A joint operation by Telstra Business Technology Solutions, Mangano IT and Datto to deploy backup and disaster recovery across a Queensland council’s 64 servers kicked into overdrive earlier this year, when Cyclone Debbie was forecast to hit the mainland right near the council’s main site.
The region regularly faces intense weather, which prompted the Whitsunday Regional Council to reassess its IT environment. Telstra BTS won a tender process and proposed a Datto solution, supplied by Mangano IT, for the council's headquarters at Proserpine and a Bowan site, with work taking place in March.
“The Datto solution at Proserpine is a physical device; it's designed to capture all the servers locally at that site,” Mangano IT managing director Paul Mangano said.
“At the Bowen site, we used a virtualised Datto appliance which lives on the client’s infrastructure. This captures all of the servers over at the Bowen site.”
Work was tracking along nicely when a cyclone warning sounded across the region.
Forming as a tropical low on 23 March before intensifying to a cyclone on 26 March, Cyclone Debbie made landfall near Airlie Beach, north of Proserpine, on 28 March. At the time, ABC News reported the cyclone was producing destructive winds of 120kph and gusts of up to 165kph.
Mangano said there was a "mad rush" to get the project finished in time.
“Telstra did their bit by fattening the link from the client site up to the internet, the Datto team made their support guys all available for us, and we were working frantically to ensure that all the last issues were resolved in our project. And everything got done in time before disaster struck.”
In the days leading up to the storm’s landfall, the partners held twice-daily meetings, including Datto’s US support team, to make hour-to-hour decisions on when the final backup would be sent and when a virtualised environment would be switched on.
“Once we ensured that all the servers had replicated to the cloud, we worked with the Datto team and said: ‘Okay, let's break out some scenarios here. So if we need to turn this on, at what time do we stop pushing new backups to the cloud?’,” Mangano said.
With the council sites evacuated and the community bracing for the worst, the team made final preparations and pushed the most recent backup to the cloud, ready for a full replication switch over.
“We got to the point, probably by about Wednesday [29 March] and we'd called it, because by that stage there was obviously very little local data changes happening up at the site at Whitsundays,” Mangano said.

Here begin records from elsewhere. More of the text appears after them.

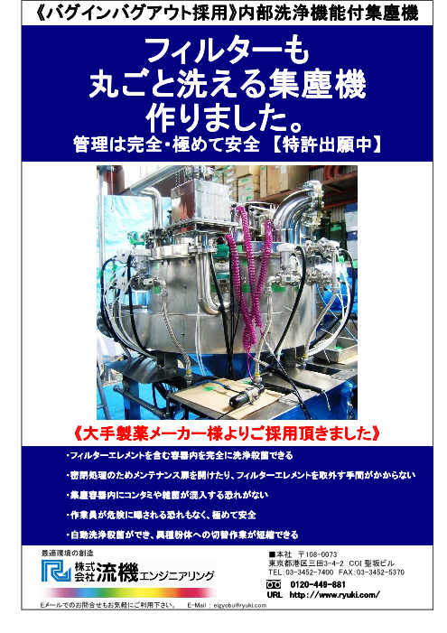 フィルターを取り外さずに自動洗浄・乾燥可能な集塵機!大手製薬メーカーの造粒工程で採用...
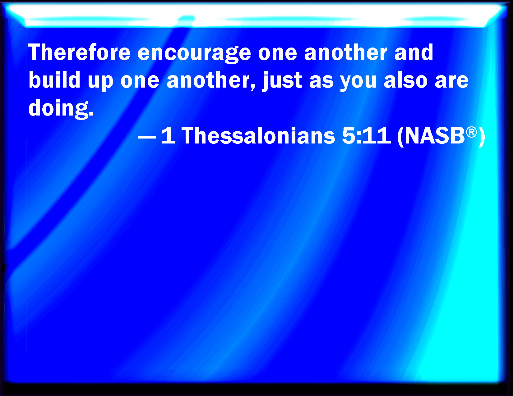 Bible Verse Slide 1 Thessalonians 5:11 Why comfort yourselves together, and edify one another, even as also you do. KJV: Wherefore comfort yourselves together, and edify one another, even as also ye do. DRB: For which cause comfort one another; and edify one another, as you also do. DBT: Wherefore encourage one another, and build up each one the other, even as also ye do. ERV: Wherefore exhort one another, and build each other up, even as also ye do. WBT: Wherefore, comfort yourselves together, and edify one another, even as also ye do. WEB: Therefore exhort one another, and build each other up, even as you also do. YLT: wherefore, comfort ye one another, and build ye up, one the one, as also ye do.Links 1 Thessalonians 5:11 NIV • 1 Thessalonians 5:11 NLT • 1 Thessalonians 5:11 ESV • 1 Thessalonians 5:11 NASB • 1 Thessalonians 5:11 KJV • 1 Thessalonians 5:11 Interlinear • 1 Thessalonians 5:11 Commentaries • 1 Thessalonians 5:11 Parallel Texts • 1 Thessalonians 5:11 Bible Apps • 1 Thessalonians 5:11 Parallel • Bible Hub |
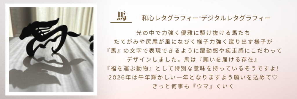 最初アクリルミラーの彫刻で作ったデザインだったのですが、和文字シリーズの馬にしてみたいと思って、そこからまた文字をつないだり変更したり。

As the cyclone blew through the region, the council’s Proserpine site was all but wrecked, except, astonishingly, the server room. Mangano said the services continued to operate throughout the storm, and no switchover to the cloud was necessary.
“It's just as important to decide when to cut over as when not to cut over,” he said.
“Once you go, it's quite an effort to then come back. So if you push to the cloud unnecessarily, that becomes your live production environment, you're operating out of that environment, you've got to then think, ‘Well, how does all that data then come back?’
“Once the event's over, and everyone's safe and well, you need to bring all the data back, and Datto have quite a good process in doing that. But nothing's an insignificant event when you're dealing with moving around that amount of data.”
Jason Law, national manager for local government at Telstra Business, told CRN the three IT stakeholders delivered a positive outcome in a difficult situation and that work has continued with the council in the wake of the weather event.
"We have been very pleased with the solution to date and although it was not completely in place prior to Cyclone Debbie hitting the region, we were able to work with the Council and put measures in place to help them be as prepared as possible," he said.
"The local Telstra team has helped the council during and immediately after Cyclone Debbie, providing help such as a temporary satellite system to restore vital communication services for the SES, other network changes, loan equipment and temporary services to get the council back up and running as soon as possible.
"We’re currently helping the council move its IT infrastructure to the cloud, update its telephony requirements to an IP system and providing network services to their temporary offices."
Datto strategic accounts manager Peter Eldon told CRN the vendor prided itself on working with partners who cared about customer data, and that Mangano IT and Telstra were prime examples of that kind of partnership.
"From the moment the threat was assessed, Datto, Mangano IT, Telstra and the council worked together as a team toward one goal – no loss of data and minimal downtime for the council. Lead by Mangano principals Paul and Robert Mangano, plans were formulated, executed, reassessed and executed again," Eldon said.
"This project was a great example of the client, vendor and reseller working together and the Datto team are extremely proud to have been a part of it. Datto’s technology ensured that Whitsunday Regional Council did not lose any critical data, but it was what everyone did around it that made the difference in this disaster situation.”